# Part I - Devito Performance modes

This tutorial is the first one out of a series of tutorials describing the code generated when using different DLE modes. In this tutorial we present the performance optimizations applied by the Devito compiler, including the Devito Loop Engine that delivers optimizations for parallelism and cache locality.

For the purposes of this tutorial we will compare the generated code between several cobinations of DLE modes.

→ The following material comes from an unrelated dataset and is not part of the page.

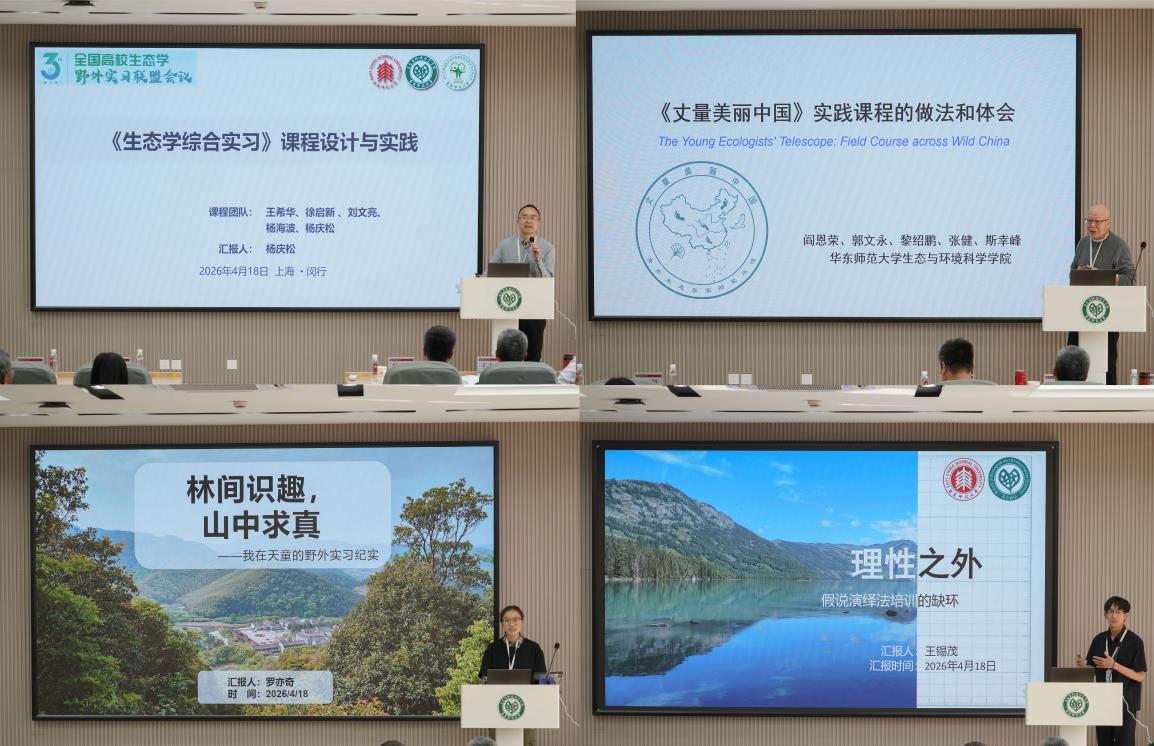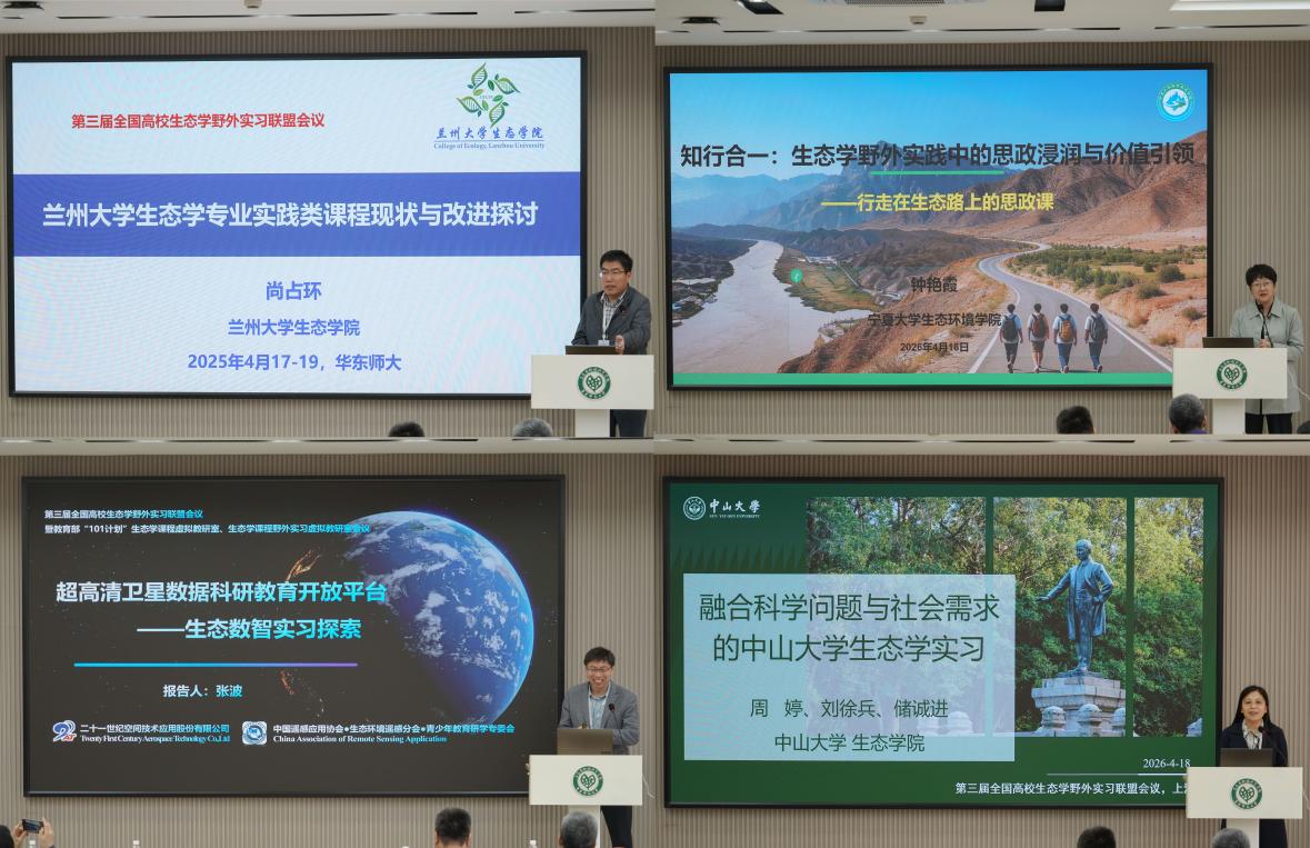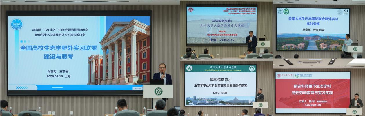 为深化全国高校生态学野外实习联盟成员单位间的合作交流,夯实生态学本科野外实习课程建设基础,全面提升生态学课程教学与实践质量,2026年4月17—19日,第三届全国高校生态学野外实习联盟会议在上海顺利召开。本次会议由全国高校生态学野外实习联盟、教育部“101计划”生态学课程虚拟教研室、教育部生态学课程野外实习虚拟教研室、教育部生物学课程野外实习虚拟教研室、教育部生命学科人才培养模式改革虚拟教研室等联合主办,华东师范大学生态与环境科学学院承办。来自北京大学、复旦大学、兰州大学、内蒙古大学、厦门大学、云南大学、中山大学等全国35所高校及单位的80余位生态学领域专家学者齐聚申城,围绕生态学野外实习教学改革、资源建设与合作交流等核心议题深入研讨,共话实践育人创新路径,共促生态学教育高质量发展。

We will use a trivial `Operator` that, at each time step, increments by 1 all points in the physical domain and the code produced in each case.

In [1]:
# This function will be used to print the difference between the generated code.
def _unidiff_output(expected, actual):
    """
    Helper function. Returns a string containing the unified diff of two multiline strings.
    """
    import difflib
    expected=expected.splitlines(1)
    actual=actual.splitlines(1)

    diff=difflib.unified_diff(expected, actual)

    return ''.join(diff)

In [2]:
from devito import clear_cache
import numpy as np
clear_cache()


In [3]:
from devito import Grid, TimeFunction, Eq, Operator, clear_cache
from examples.cfd import plot_field, init_hat
from devito import Eq, solve
from devito import configuration

# Initialise our problem parameters
nx = 200
ny = 200
grid = Grid(shape=(nx, ny))
u = TimeFunction(name='u', grid=grid)
eq = Eq(u.forward, (u + 0.1, u + 0.2, u + 0.1))

#Set up an operator with DLE set to noop and one with DLE set to advanced.
op_noop = Operator(eq, dle = 'noop')
op_advanced = Operator(eq, dle = 'advanced')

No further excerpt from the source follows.